The personal works of Brad Ogbonna are at once universal, and culturally distinct. The photographer has spent years illuminating the vibrancy and flair throughout West Africa and the Caribbean; from Île-à-Vache in Haiti to Lome, Togo, Stone Town, Zanzibar, and Cuba, where he captures the performance, mundanity and the human relationship to land. His series – which are always titled after the city or state they’re based in – don’t typically read as sentimental, but there’s always a feeling that the photographer is being guided by the subjects, to a different way of life.
Brad was born and raised in Twin Cities (Minneapolis and Saint Paul), Minnesota, in a tight-knit community of Nigerians and West Africans who emigrated from the 80s to early aughts. Immersed in the diaspora, he would spend a lot of weekends visiting family and attending cultural events around town. “My dad and uncle were an integral part of the community,” he tells us. “And they’d always carry cameras with them everywhere we’d go,” he adds. Also, noticing photo albums throughout people’s homes, the photographer developed a sense of the importance of documenting from an early age, “and once I got to junior high school, picking up a camera and taking pictures felt like a natural progression from there”.

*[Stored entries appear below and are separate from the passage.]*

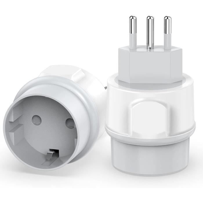 Construit pour durer : contrairement à d'autres adaptateurs disponibles sur le marché, nos adaptateurs sont fabriqués avec des matériaux durables de haute qualité qui ne surchauffent pas, offrent une bonne isolation et sont ignifuges – ils sont conçus pour durer Description : Cet adaptateur 3 broches permet à l'utilisateur de convertir une prise de tout autre pays en une prise/prise d'Italie. Il est très pratique et... TESSAN Adaptateur Prise Italienne, 6 en 1 Adaptateur de Voyage Vous pouvez utiliser ces adaptateurs avec des appareils électriques haute puissance tels que les ordinateurs, les pinces à friser, les sèche-cheveux, les ordinateurs portables, les téléphones, etc., sans soucis. Adaptateur Prise Italienne Vers France Adaptateur Prise Anglaise Adaptateur Prise De Voyage Italie LENCENT [2 Colis],2500W,10A,pour France/Europe Vers Italie,Chili Adaptateur Prise France Vers Italie Prise Italienne Adaptateur France Points forts : Type d'alimentation : Batterie; Objet connecté : Oui. Voir le descriptif technique ️ Adaptateur Royaume-Uni vers Italie – Cet adaptateur vous permettra de connecter des appareils du Royaume-Uni en Italie ou n'importe où avec une prise de type L, idéal lorsque vous voyagez en Italie, au Chili, au Vatican et partout ailleurs avec une prise italienne à 3 broches. Normes de sécurité britanniques : nos adaptateurs de voyage primés sont l'un des rares à avoir passé la très stricte norme britannique 8546., Ces adaptateurs MyTravelPal disposent d'une protection contre les surtensions et d'une connexion terre/terre ; caractéristiques de sécurité essentielles pour de nombreux appareils électriques.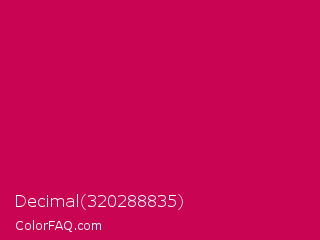 Decimal 320288835 Color is a normal rose color and the nearest color is Rubine Red #d10056. Hex code #c90453 and RGB value is rgb(201,4,83). In RGB color space, this color is composed of 79% red, 2% green, 33% blue, In CMYK color space, this color is composed of 0% cyan, 98% magenta, 59% yellow , 21% black , In HSL color space, this color has a hue angle of 336° , 96% saturation and 40% lightness.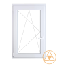 Műanyag ablak, bukó-nyíló, balos, fehér színben. Mérete: 60x120cm. Szerkezet: 5 légkamrás, 70mm beépítési mélységű, 2,8mm falvastagságú műanyag profil, körbefutó fém merevítéssel, kettős szürke gumitömítéssel, üvegezés: 4+16+4 Low-e+Argon Ug=1,0 W/m2K. Vasalat: Winkhaus résszellőző funkcióval. Tartozéka egy fehér ablak félkilincs.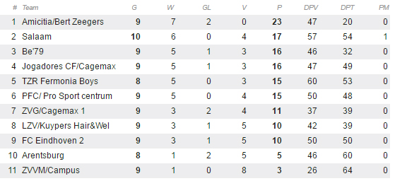 Sinds dit seizoen speelt Van der Bruggen ook in de zaal op hoog niveau. In de landelijke eerste divisie zelfs, bij BE’79. “Ik had al enige tijd contact met Dennis Kapteijns (Sint Michielsgestel, red.) en Kenneth van de Wiel (Best Vooruit, red.), die er ook spelen. Die hebben het voorgelegd aan coach John Adriaansen en op die manier zijn Rico (de Laat, red.) en ik bij BE gekomen.” Het gaat naar behoren, vertelt de middenvelder: “Ik mag niet klagen, volgens mij. Zaalvoetballen doe ik al heel lang, maar niet op dit niveau. Ik heb gespeeld in Helvoirt, Vught, Schijndel, Haaren en Baarle-Nassau. Maar nu doe ik het alleen nog maar in Berkel-Enschot bij BE hoor, anders ben ik teveel van huis. Het bevalt me uitstekend. We hebben een mooi team, dat goed meedraait in de Eerste Divisie. Vanavond spelen we een belangrijke wedstrijd tegen Jogadores CF/Cagemax. Bij winst doen we goede zaken.”

When it comes to Brad’s work, it is hard to deny the fact that it is synonymous with locales throughout Africa and the Caribbean. It all started in 2011, after the death of his father in Nigeria, where he decided to stay behind for a few months. After some time, he began documenting the people and surroundings, before casting his net wider throughout the region. Travelling to Dakar some years later, his eponymous series gives us a sense of the interior and exterior attributes of the neighbourhoods, with an almost destined captured connectivity between people and their surroundings through colour. The red of the kids’ beloved Jordan jersey and the distant balconies’ base; the blue of a toddler’s shirt and white of his shorts complementing the surrounding tiles; and the shirts of three figures in the distance somehow matching the window frames in a building even farther away. “One of the defining characteristics of the regions is the amount of colour on display. From the home exteriors and interior decor to the clothing people wear,” Brad says. “That’s what I’m looking for when I’m creating imagery. The love of colour and warmth that I don’t often find stateside.”